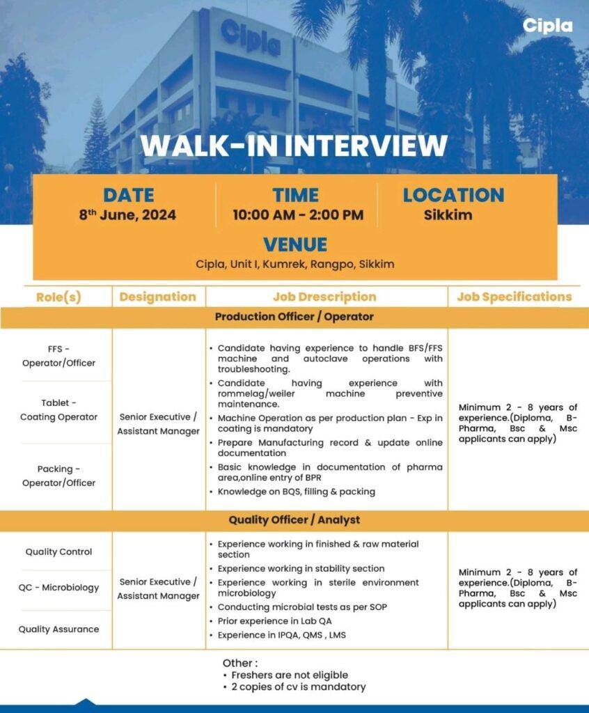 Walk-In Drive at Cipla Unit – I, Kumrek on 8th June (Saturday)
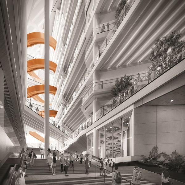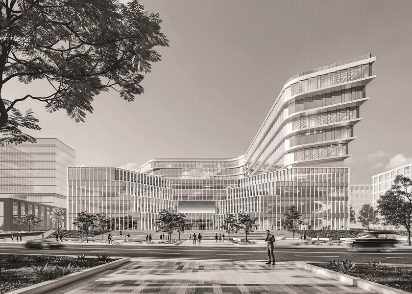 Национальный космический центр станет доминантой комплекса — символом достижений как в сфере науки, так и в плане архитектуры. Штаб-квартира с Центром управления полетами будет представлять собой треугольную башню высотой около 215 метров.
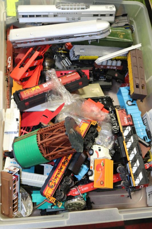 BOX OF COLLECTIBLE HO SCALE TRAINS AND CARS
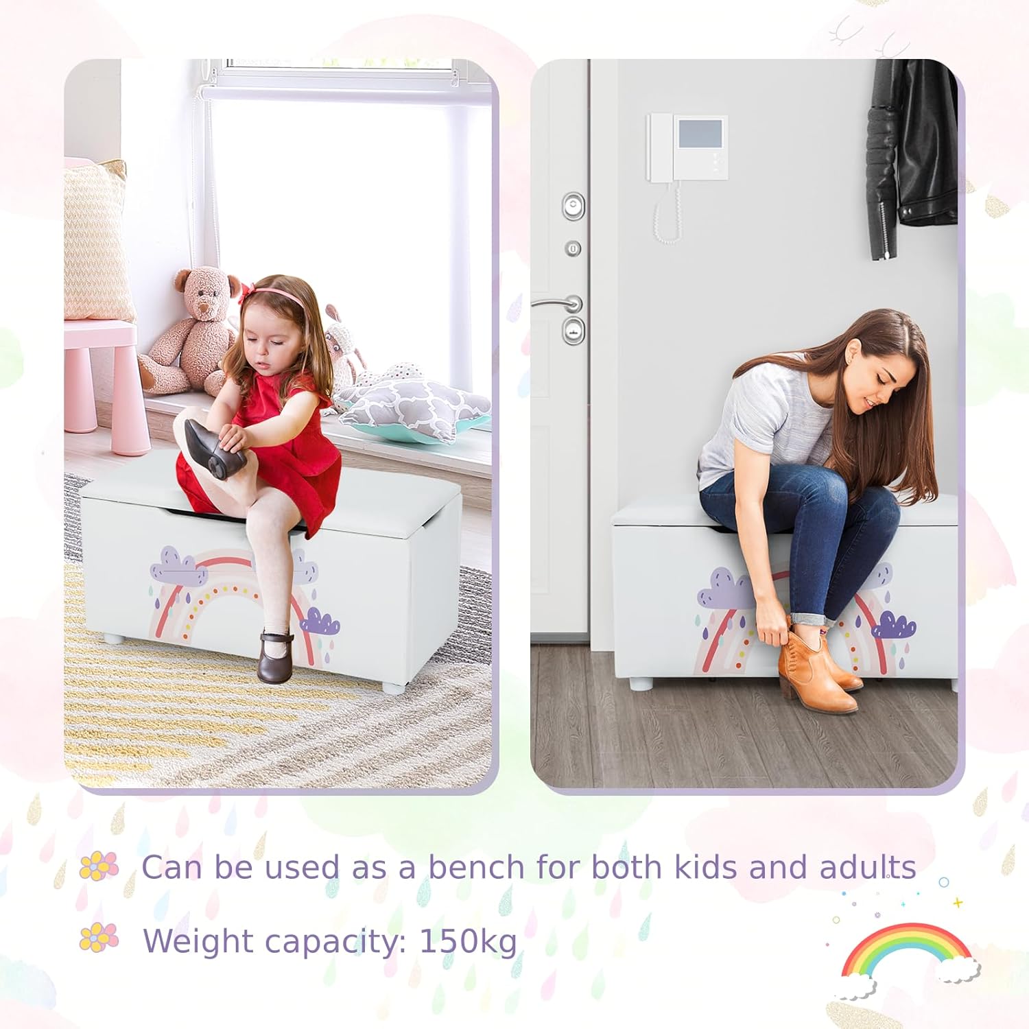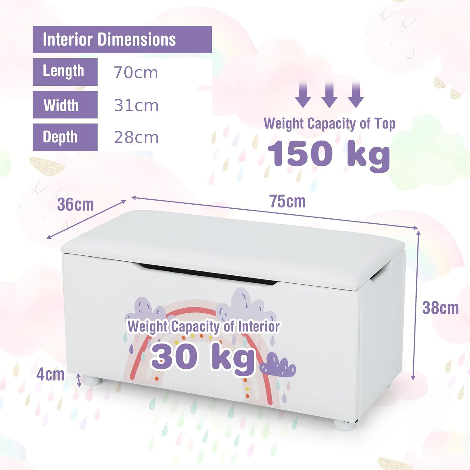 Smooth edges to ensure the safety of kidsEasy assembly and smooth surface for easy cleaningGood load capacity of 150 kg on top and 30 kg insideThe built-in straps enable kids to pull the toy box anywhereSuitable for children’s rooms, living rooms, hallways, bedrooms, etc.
::::::
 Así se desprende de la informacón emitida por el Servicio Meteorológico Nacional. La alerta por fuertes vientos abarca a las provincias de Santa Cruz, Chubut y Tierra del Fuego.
::::::
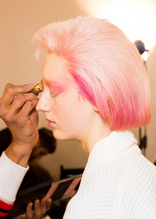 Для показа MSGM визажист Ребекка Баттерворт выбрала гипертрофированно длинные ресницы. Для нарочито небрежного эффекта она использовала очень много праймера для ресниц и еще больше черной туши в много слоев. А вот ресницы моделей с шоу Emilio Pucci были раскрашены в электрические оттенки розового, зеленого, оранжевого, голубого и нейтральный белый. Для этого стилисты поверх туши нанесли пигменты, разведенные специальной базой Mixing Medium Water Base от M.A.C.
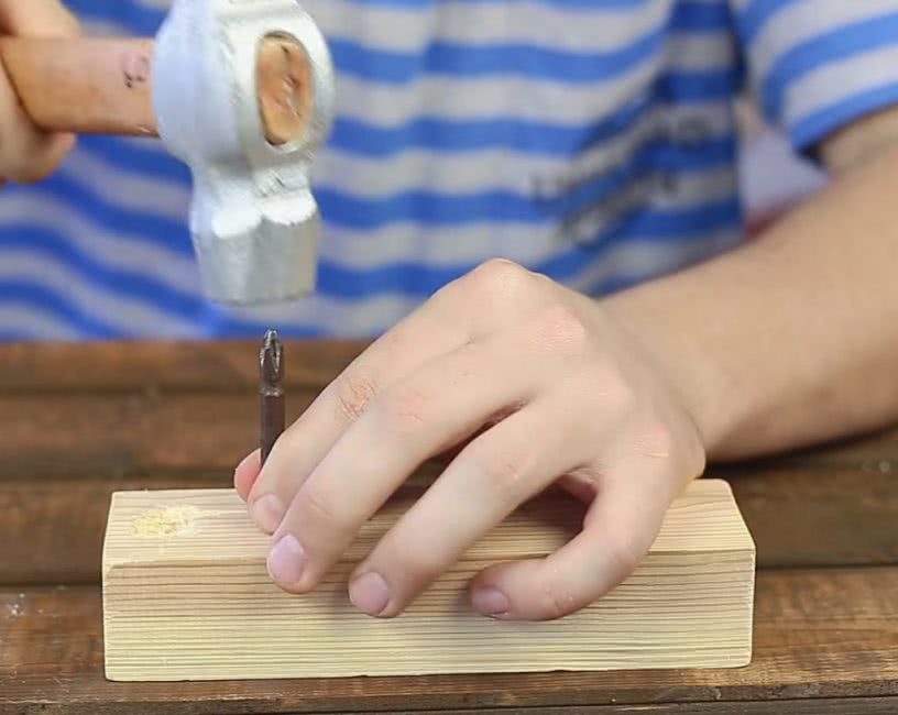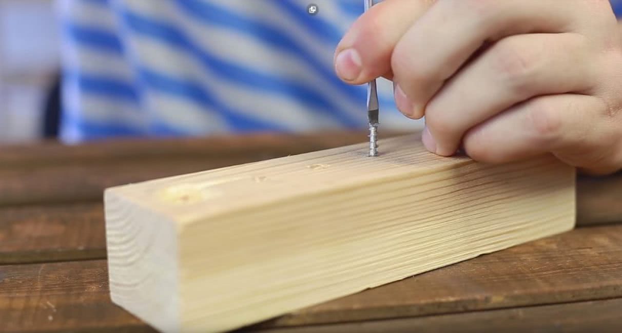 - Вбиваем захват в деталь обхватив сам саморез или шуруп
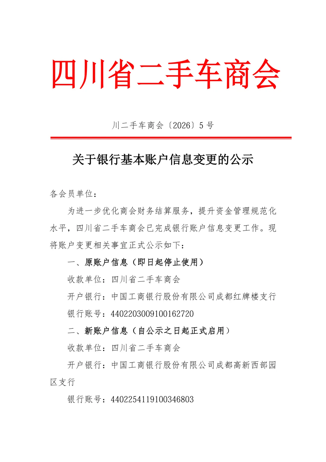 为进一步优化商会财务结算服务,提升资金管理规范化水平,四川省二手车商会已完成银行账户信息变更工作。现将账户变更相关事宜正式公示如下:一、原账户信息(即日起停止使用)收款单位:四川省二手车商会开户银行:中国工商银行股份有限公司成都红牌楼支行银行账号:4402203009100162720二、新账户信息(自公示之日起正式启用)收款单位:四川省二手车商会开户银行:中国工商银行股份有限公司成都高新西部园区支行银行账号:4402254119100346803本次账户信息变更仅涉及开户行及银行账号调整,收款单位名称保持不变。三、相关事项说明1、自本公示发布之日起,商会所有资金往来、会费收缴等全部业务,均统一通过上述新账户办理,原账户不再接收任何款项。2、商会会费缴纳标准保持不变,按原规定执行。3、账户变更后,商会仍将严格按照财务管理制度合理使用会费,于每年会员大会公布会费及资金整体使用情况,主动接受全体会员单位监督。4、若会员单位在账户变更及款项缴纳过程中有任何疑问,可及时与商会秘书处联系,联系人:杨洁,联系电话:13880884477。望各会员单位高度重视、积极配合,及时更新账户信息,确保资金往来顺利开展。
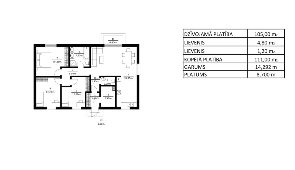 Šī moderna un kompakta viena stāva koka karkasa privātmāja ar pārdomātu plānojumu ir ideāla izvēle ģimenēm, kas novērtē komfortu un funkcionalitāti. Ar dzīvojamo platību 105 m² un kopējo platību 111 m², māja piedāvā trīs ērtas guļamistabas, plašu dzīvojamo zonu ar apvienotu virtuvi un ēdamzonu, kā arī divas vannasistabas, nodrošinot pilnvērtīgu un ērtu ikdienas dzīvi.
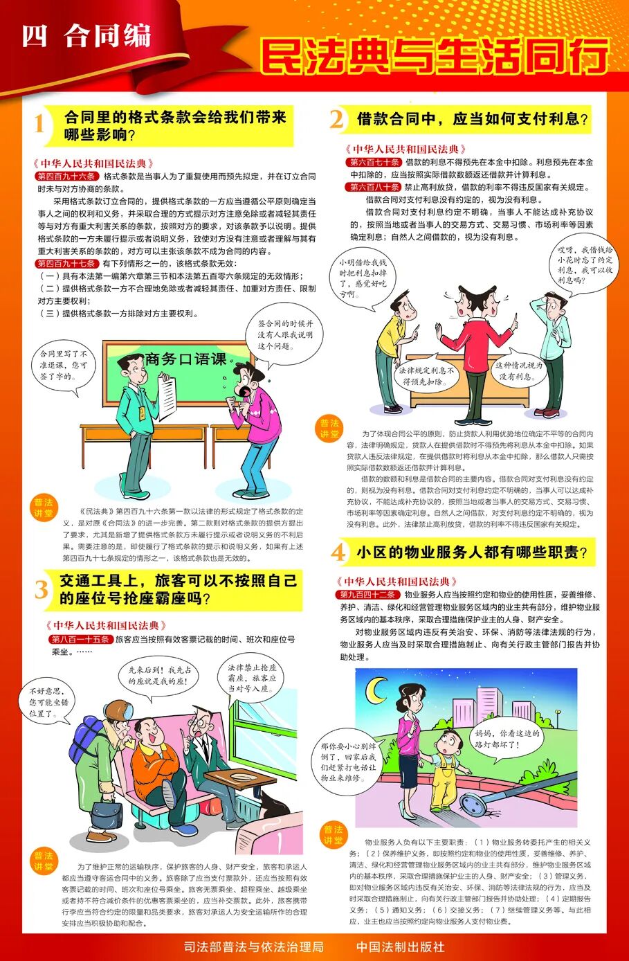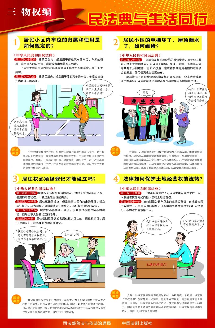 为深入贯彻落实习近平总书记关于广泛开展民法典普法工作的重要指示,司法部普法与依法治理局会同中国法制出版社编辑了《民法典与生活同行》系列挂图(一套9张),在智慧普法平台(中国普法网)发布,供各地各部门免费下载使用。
::::::
▸ **ACTION ITEM**
Working from the entries above, reproduce exactly and only the lines beginning with the line that has "- Вбиваем захват" and ending with the line that has "为进一步优化商会财务结算服务"; omit all pictures.

▸ **ANSWER TO THIS TASK**
 - Вбиваем захват в деталь обхватив сам саморез или шуруп
 为进一步优化商会财务结算服务,提升资金管理规范化水平,四川省二手车商会已完成银行账户信息变更工作。现将账户变更相关事宜正式公示如下:一、原账户信息(即日起停止使用)收款单位:四川省二手车商会开户银行:中国工商银行股份有限公司成都红牌楼支行银行账号:4402203009100162720二、新账户信息(自公示之日起正式启用)收款单位:四川省二手车商会开户银行:中国工商银行股份有限公司成都高新西部园区支行银行账号:4402254119100346803本次账户信息变更仅涉及开户行及银行账号调整,收款单位名称保持不变。三、相关事项说明1、自本公示发布之日起,商会所有资金往来、会费收缴等全部业务,均统一通过上述新账户办理,原账户不再接收任何款项。2、商会会费缴纳标准保持不变,按原规定执行。3、账户变更后,商会仍将严格按照财务管理制度合理使用会费,于每年会员大会公布会费及资金整体使用情况,主动接受全体会员单位监督。4、若会员单位在账户变更及款项缴纳过程中有任何疑问,可及时与商会秘书处联系,联系人:杨洁,联系电话:13880884477。望各会员单位高度重视、积极配合,及时更新账户信息,确保资金往来顺利开展。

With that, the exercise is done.